Recently, there have been concerns about over supplementation of folic acid in countries like Canada where mandatory folic acid fortification laws are in place and supplement use is high [4]. In epidemiological studies, too much folic acid has been associated with increased risk of cancer [5]. Interestingly, too much maternal folic acid intake has been associated with autism spectrum disorder [6], but the data is not clear as other studies have reported the protective effects [7]. Furthermore, too much maternal folic acid has been reported to impair other neurodevelopmental aspects of the brain and behavior in offspring [8].

We recently published a study investigating whether too much maternal folic acid is associated with changes in the neurodevelopment of offspring [9]. Using a mouse model of maternal over supplementation of folic acid we report that male offspring from mothers that were fed high levels of folic acid had impaired memory and brain development.

The amount of folic acid in the diet of mothers was 20mg/kg to model over supplementation in humans. Mothers were supplemented for 6 weeks prior to pregnancy and throughout lactation. Once we weaned the pups from mothers they were maintained on supplemented diet until we collected experimental data. We assessed short-term memory of mice using a test called the novel object recognition, animals from mothers with too much folic acid did not remember seeing a familiar object as well as control animals did. Furthermore, they had reduced levels of a neurotransmitter that is important in learning and memory called acetylcholine. The pups from mothers over supplemented folic acid mothers had altered development of the cortex. This means that part of their brain did not follow normal development patterns. Interestingly the offspring from maternally over supplemented folic acid mother showed a similar phenotype to that of mice with a genetic deficiency in folic acid metabolism [10].

These are some of the first results showing how maternal over supplementation with folic acid may affect early neurodevelopment. More studies are required to further dissect the mechanisms as well as determine if the benefits continue into adulthood. As someone wise once said, everything in moderation.


[1] Lemire, R. J. (1988). Neural tube defects. Jama, 259(4), 558-62.

[2] Castillo-Lancellotti, C., Tur, J. A., & Uauy, R. (2013). Impact of folic acid fortification of flour on neural tube defects: a systematic review. Public health nutrition, 16(5), 901-911.

[3] Jadavji, N. M., Deng, L., Malysheva, O., Caudill, M. A., & Rozen, R. (2015). MTHFR deficiency or reduced intake of folate or choline in pregnant mice results in impaired short-term memory and increased apoptosis in the hippocampus of wild-type offspring. Neuroscience, 300, 1-9.

[4] Patel, K. R., & Sobczyńska-Malefora, A. (2017). The adverse effects of an excessive folic acid intake. European journal of clinical nutrition, 71(2), 159.

[5] Boyles, A. L., Yetley, E. A., Thayer, K. A., & Coates, P. M. (2016). Safe use of high intakes of folic acid: research challenges and paths forward. Nutrition reviews, 74(7), 469-474.

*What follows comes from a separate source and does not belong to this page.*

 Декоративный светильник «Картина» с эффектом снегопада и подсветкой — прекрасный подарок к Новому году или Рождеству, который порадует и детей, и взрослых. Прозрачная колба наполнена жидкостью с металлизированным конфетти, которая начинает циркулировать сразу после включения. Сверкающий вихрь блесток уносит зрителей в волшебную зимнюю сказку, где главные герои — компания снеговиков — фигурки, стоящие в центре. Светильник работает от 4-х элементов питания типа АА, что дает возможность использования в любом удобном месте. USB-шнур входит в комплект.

[6] Beard, C. M., Panser, L. A., & Katusic, S. K. (2011). Is excess folic acid supplementation a risk factor for autism?. Medical hypotheses, 77(1), 15-17.

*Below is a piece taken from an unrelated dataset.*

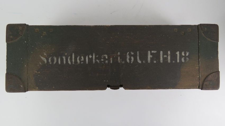 A WWII German Flak18 shell wooden transit chest having camouflage paint finish.

[7] Wang, M., Li, K., Zhao, D., & Li, L. (2017). The association between maternal use of folic acid supplements during pregnancy and risk of autism spectrum disorders in children: a meta-analysis. Molecular autism, 8(1), 51.

[8] Roth, C., Magnus, P., Schjølberg, S., Stoltenberg, C., Surén, P., McKeague, I. W., … & Susser, E. (2011). Folic acid supplements in pregnancy and severe language delay in children. Jama, 306(14), 1566-1573.

[9] Bahous, R. H., Jadavji, N. M., Deng, L., Cosín-Tomás, M., Lu, J., Malysheva, O., … & Greene, N. D. (2017). High dietary folate in pregnant mice leads to pseudo-MTHFR deficiency and altered methyl metabolism, with embryonic growth delay and short-term memory impairment in offspring. Human molecular genetics, 26(5), 888-900.

[10] Jadavji, N. M., Deng, L., Leclerc, D., Malysheva, O., Bedell, B. J., Caudill, M. A., & Rozen, R. (2012). Severe methylenetetrahydrofolate reductase deficiency in mice results in behavioral anomalies with morphological and biochemical changes in hippocampus. Molecular genetics and metabolism, 106(2), 149-159.